NEW YORK (CNNMoney) -- Consumer borrowing fell slightly in the third quarter as Americans continued to shed their debt burdens in the face of a struggling economy.
Household debt totaled $11.66 trillion in the three months ending in September, down $60 billion from the previous quarter, according to a report released Monday by the Federal Reserve Bank of New York.
"The decline in outstanding consumer debt reveals that households continue to try and deleverage in the wake of a challenging economic environment and large declines in home values," said Andrew Haughwout, vice president in the Research and Statistics Group at the New York Fed, in a statement.
But while overall debt is declining, the number of people who are failing to keep up with their payments rose in the third quarter. The delinquency rate stood at 10% in the end of September, up from 9.8% in June. About $1.2 trillion of consumer debt is currently delinquent, according to the report.
Credit cards: Credit card debt fell slightly to $693 billion, a marginal change from last quarter. And the number of open credit accounts fell by 6 million, 23% down from its peak in 2008.
That could mean banks are closing down delinquent accounts, according to Bill Hampel, chief economist at Credit Union National Association.
"I suspect that accounts closed are mostly the behavior of lenders as opposed to the borrowers, because they could not collect anymore," said Hampel.
At the same time, the number of credit inquiries increased, reflecting a strong demand for credit.
Real estate: Mortgage borrowing fell by $114 billion, 9.6 % below its peak, as people continued to shun home buying in favor of renting.
The number of people signing up for new mortgages fell 17%, the lowest level since mid-2000.
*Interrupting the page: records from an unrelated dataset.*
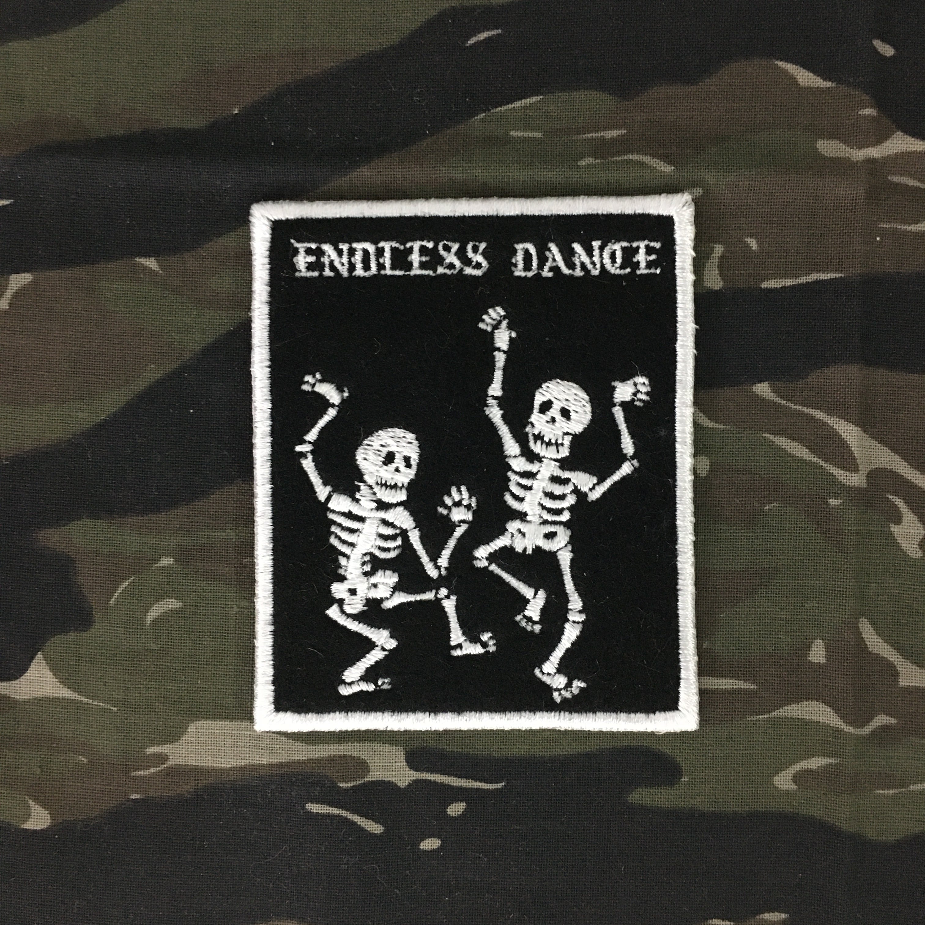 踊りたい人の気持ちを代弁するかの様に骸骨になっても踊り続けるダンス狂の姿をワッペンにしました。黒のフェルト地に白糸でパキッと乗せ経年変化でより明確な差を見せてくれます。
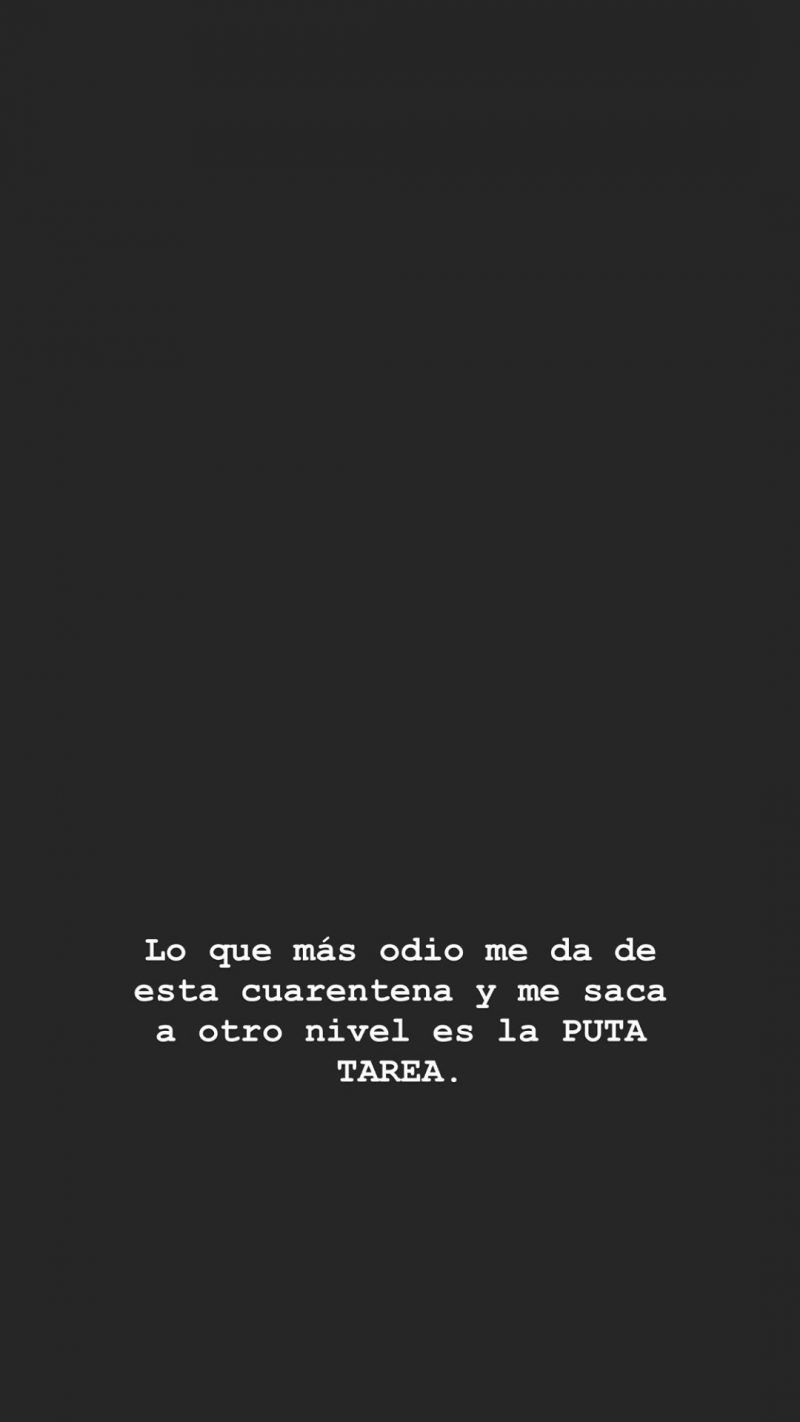 “Lo que más odio me da de esta cuarentena y me saca a otro nivel es la p… tarea”, lanzó sin filtro en sus historias de Instagram.
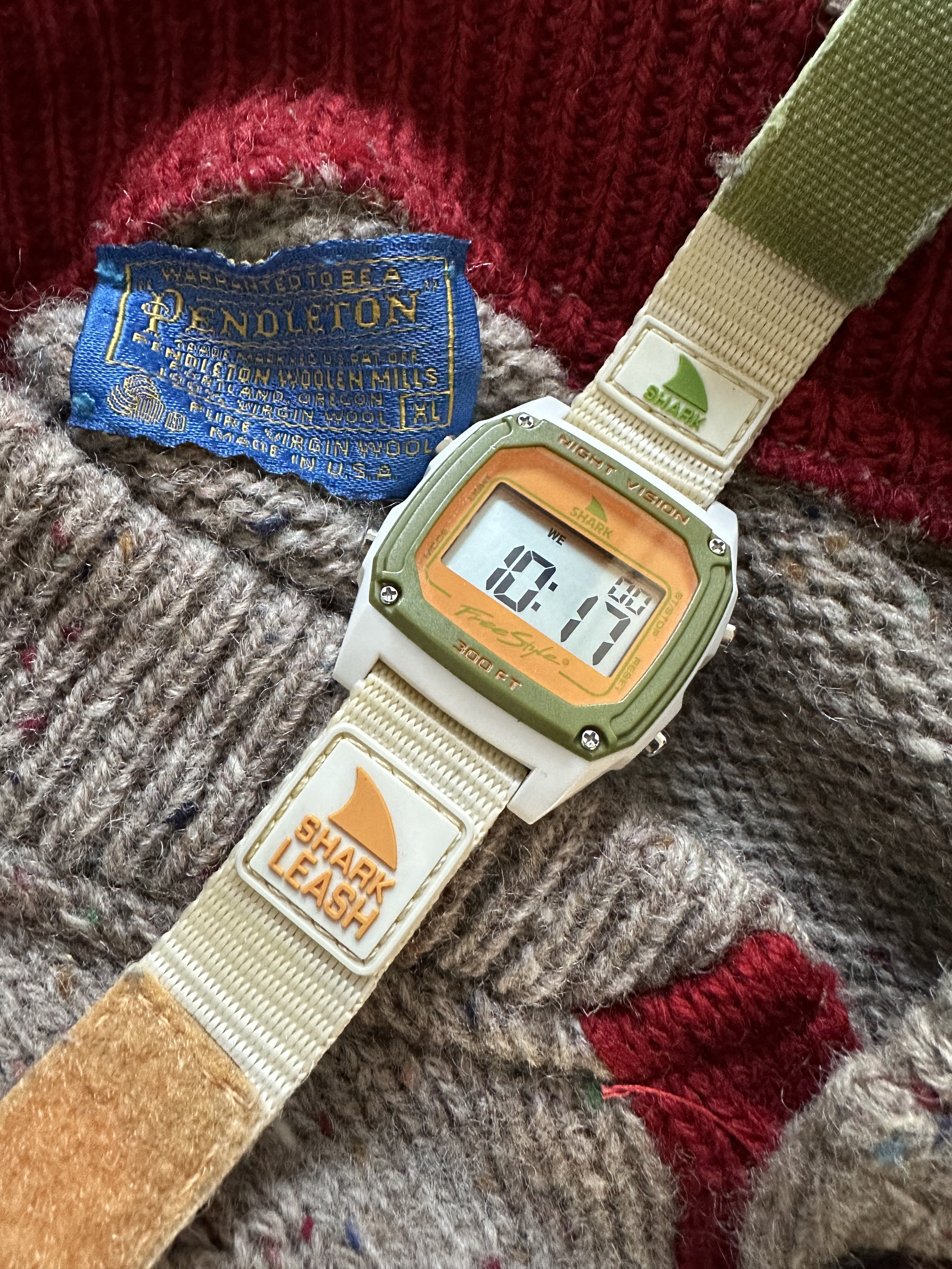 Posts 3,143 Likes 32,957 Duracuir1 ·Feb 9, 2024·Never Used A Kodak A bit of a stretch here, but these two items, the watch and the wool sweater could go together… The cheap Shark watch was originally sold in surf shops in the 1980s. And the Beach Boys, with surf inspired music… Were once known as The Pendletones…
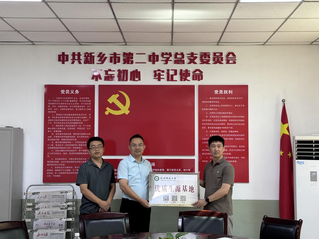 韩志宏、李志坚与新乡市第二中学副校长张传红代表双方分别举行了“优质生源基地”授牌和签订《优质生源基地合作协议书》仪式,就促进高校和中学教育有效衔接、优化人才培养合作模式等问题进行了深入交流。
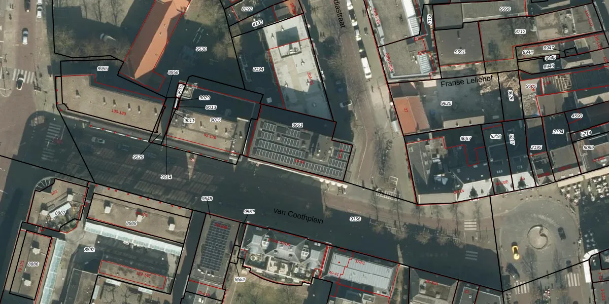 Het perceel waarop het adres ligt is BDA00-A-8961. De afkorting 'BDA00' staat voor kadastrale gemeente Breda. Het perceel is kleiner dan gemiddeld in Breda. Het perceel is 572 m² groot, terwijl het gemiddelde ligt op 1059,1 m². Het kleinste perceel in de kadastrale gemeente is 0 m² groot. De grootste perceeloppervlakte is 44,1 ha. Er zijn 26 adressen aanwezig op het perceel. De huidige grenzen van het perceel zijn digitaal in de Basisregistratie Kadaster (BRK) geregistreerd op 17-10-2006.
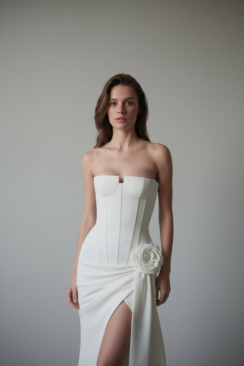 A refined strapless corset dress where structure meets fluidity. The floral embellishment draws attention to the slit, offering a modern bridal statement with understated drama.
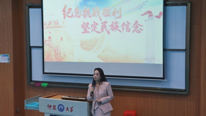 为扎实贯彻落实习近平总书记关于学校思政课建设的重要指示精神,11月17日下午,2026世界杯官方合作网站党总支书记兼副院长杨勤在第三教学区和昌教学楼海纳讲堂为2025级全体学生讲授“纪念抗战胜利 坚定民族信念”主题思政课。
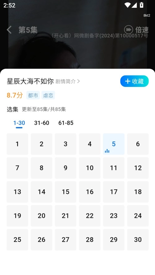 用戶可選擇集數(shù),如果喜歡這部短劇點擊收藏,下次好找。
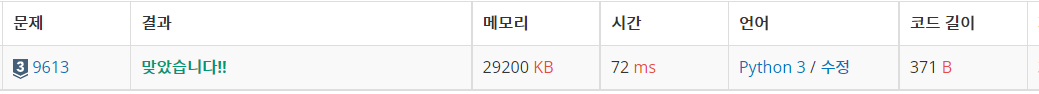 https://www.acmicpc.net/problem/9613
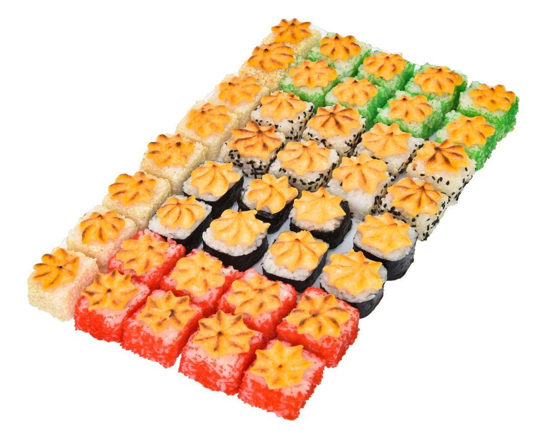 В состав сета входят роллы с: лососем, окунем, мидиями, копченой курицей (халяль), крем крабом, икрой масаго.
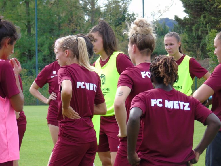 373 Trois nouvelles joueuses du FC Metz ont annoncé leur départ via leurs réseaux sociaux, elles rejoignent ainsi Charlotte Lorgeré, Mélissa Godart, Ipek Kaya, Christy Grimshaw, Jassie Vasconcelos et Sh’Nia Gordon parties cette intersaison. Christy Gavory : Après 4 années passées au FC Metz, l’étudiante en BTS management des unités commerciales tire sa révérence avec le club grenat. La milieu de terrain, internationale U20 avec l’Équipe de France était l’une des plus capées de l’effectif avec à son actif 81 rencontres toutes compétitions confondues. Ses coéquipières devront faire sans sa vivacité et son expérience pour essayer de retrouver l’élite la saison prochaine. Christy Gavory pendant une séance d’entraînement Maureen Bigot : Arrivée à Metz lors de la saison 2017-2018 en provenance de Calais, la nordiste a effectué pas moins de 58 matchs avec les messines. Vainqueur de la Turkish Cup en mars 2019 avec l’Équipe de France B, la milieu de terrain s’est engagée officiellement lundi soir avec le club de Fleury en D1 Arkema. On se souviendra de son but d’anthologie contre Le Mans en 2018, ce qui lui avait valu les honneurs de Téléfoot. #FCMetz Le magnifique but de @BigotMaureen cet après-midi contre Le Mans et merci à tous de nous avoir suivis en live. 👍#D2F pic.twitter.com/sqBMK4r7Y0— Let's Go Меtz (@letsgomtz) April 1, 2018 Hélène Fercocq : Débarquée du Stade De Reims il y a deux ans maintenant, l’internationale U20 de l’Équipe de France a fait savoir via son compte Instagram que son aventure avec le FC Metz s’arrêtait ici. Toujours de bonne humeur dans le vestiaire, la milieu de terrain nous avait déclaré il y a un an dans une franche interview : « J’aime faire le clown, et quelque part je pense que cela doit faire partie de la vie d’un sportif de dégager de l’énergie« . Avec une quarantaine de matchs à son actif avec les grenats, nul doute qu’Hélène trouvera un nouveau challenge à sa portée, quelque part en Côte-d’Or… Hélène Fercocq, ici au centre de l’image, attentive au discours du coach Par ailleurs, le FC Metz a fait savoir la semaine dernière que sept joueuses avait prolongé avec le club à la croix de Lorraine, il s’agit de Justine Rougemont, Amélie Delabre, Justine Lerond, Célia Rigaud, Morgane Belkhiter, Julie Pasquereau et Marie Levasseur. Les messines possèdent donc une base solide avec des joueuses habituées à évoluer en D1 et en D2. Crédit photo et vidéo : Julien Buret
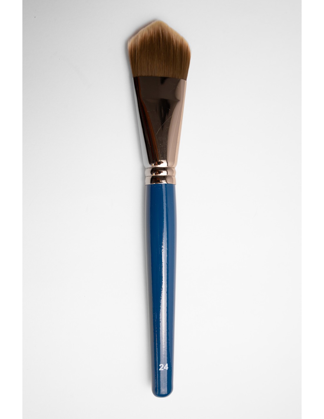 Brocha de contorno. Por su forma recta se estructura perfectamente el rostro. Su suave pelo de cabra funde el polvo con la base sin levantarla y dejando un acabado marcado del pómulo.
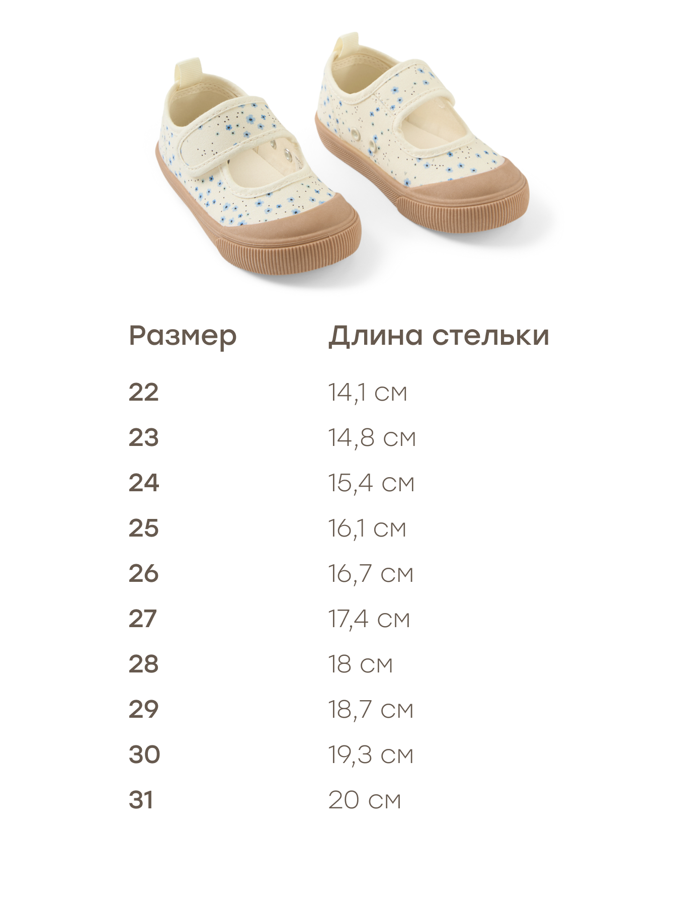 Длина стопы, см 13.1 13.8 14.4 15.1 15.7 16.4 17 17.7 18.3 19
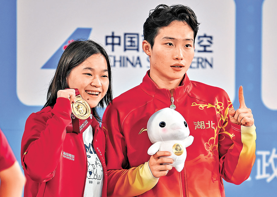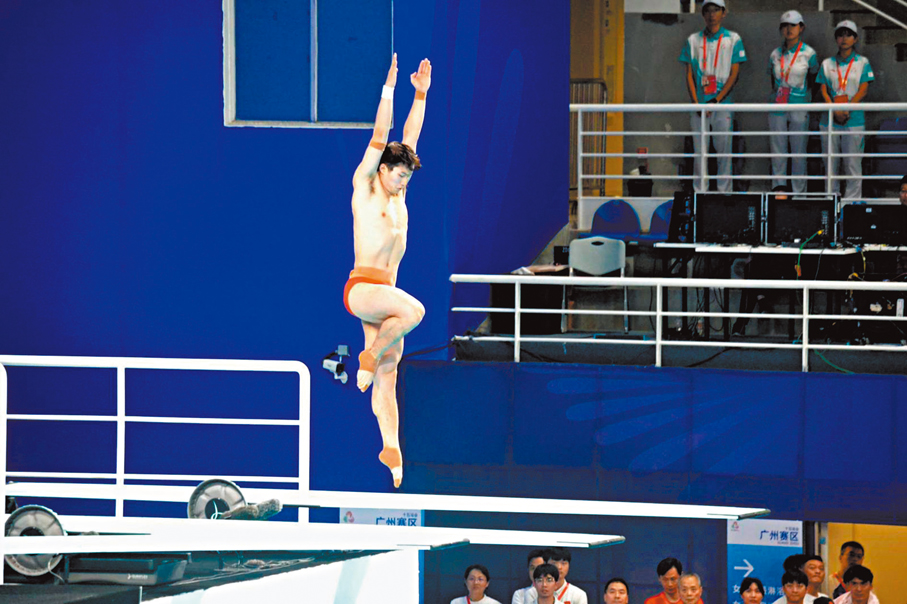 香港文匯報訊(記者 敖敏輝 廣州報道)昨日下午在廣州舉行的十五運會跳水男子3米板決賽中,代表湖北出戰的奧運冠軍王宗源以549.85分的成績強勢奪得金牌,這是他繼男子1米板項目後,在本屆全運會上獲得的第二面金牌。王宗源的湖北隊隊友鄭九源摘銀,廣東隊33歲的老將何超獲得銅牌。從預賽到決賽,王宗源一路都是以絕對優勢領先,多次跳出100分以上的成績,決賽最後一輪甚至跳出106.40分的超高分。談到狀態出色的原因,王宗源說巴黎奧運會未能奪得單人3米板金牌,自己曾一度消沉,今年經過調整,已經沒有了任何心理負擔,幫助自己狀態回勇。
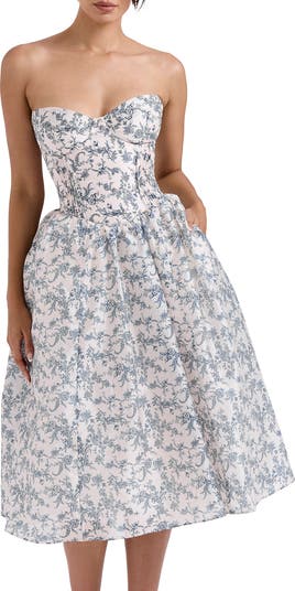 Charm endlessly in this bloom-printed fit-and-flare dress designed with a corseted bodice and a tulle-lined skirt.
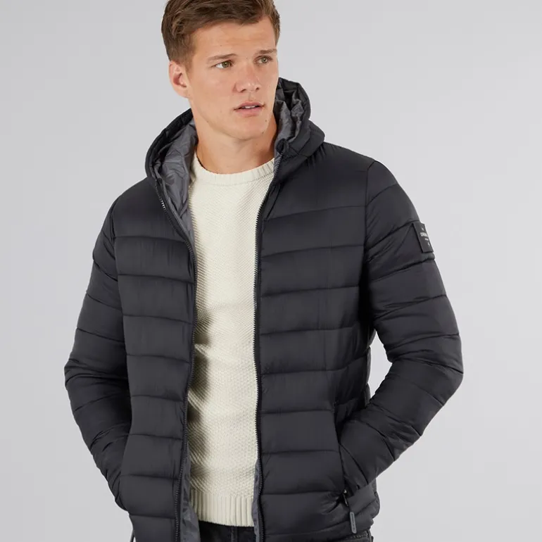 Crosshatch Herre Puff jakke med rynker Sort
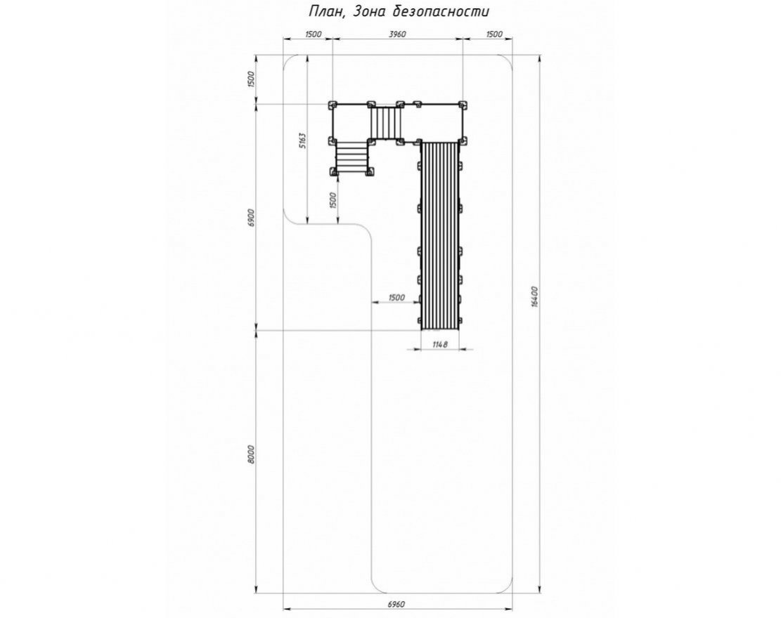 Скат горки шириной 1100 мм, высота стартовой площадки горки 2000 мм, выполнен из досок из хвойных пород толщиной 35 мм, борта выполнены из влагостойкой фанеры толщиной 24 мм, кромки фанеры тщательно шлифованы, борта окрашены с нанесением принта. Опорный каркас ската горки выполнен из доски 35х110 мм. Длина ската 6000 мм.
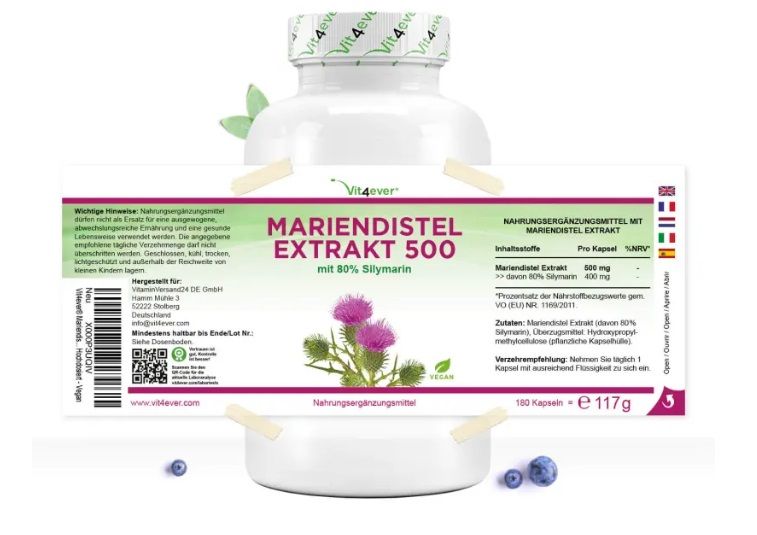 Vit4ever Mariendistel Extrakt 500 - 500mg -180 Kapseln
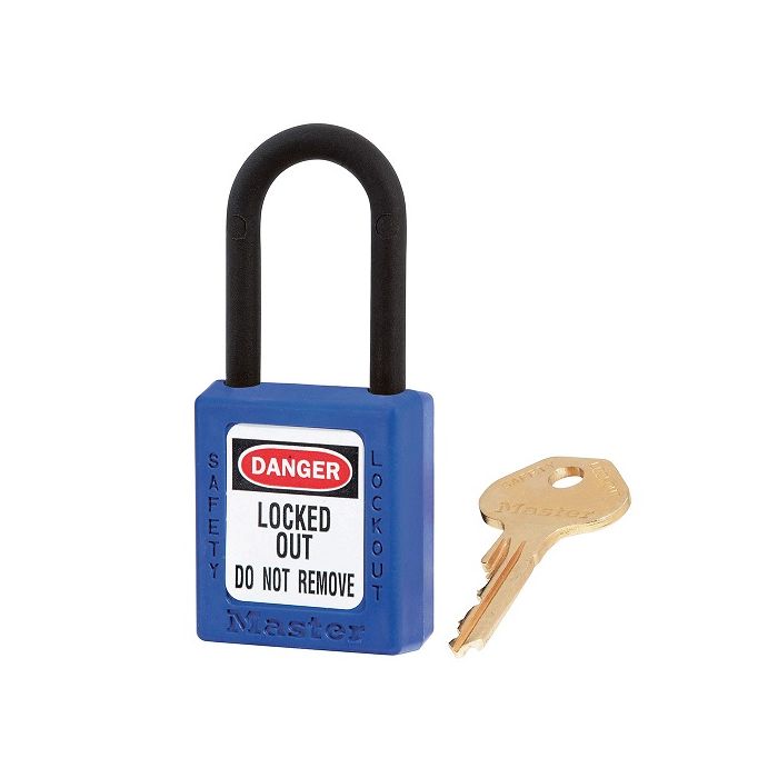 Master Lock 406BLU Blue Dielectric Zenex Thermoplastic Safety Padlock, 1-1/2in (38mm) Wide with 1-1/2in (38mm) Nylon Shackle

Meanwhile, existing homeowners are borrowing more. Home equity lines of credit increased by $14 billion during the quarter.
Student loans: Student debt rose to $865 billion, up from $845 billion from the previous quarter.
Between 2010 and 2011, undergraduate students, received an average of $4,907 in federal loans according to a College Board survey. Graduate students, the Board said, received $16,423 on average.
"About a third of students graduating this year have so much debt that they still could be repaying it when their children enter college," said Mark Kantrowitz, publisher of FinAid.org.
The uptick in college borrowing is typical in a down economy, said Lauren Asher president of the Institute for College Access and Success. People tend to seek more education and training in hopes of landing a better paying job.
But the additional education is no guarantee to higher paying employment, Asher said.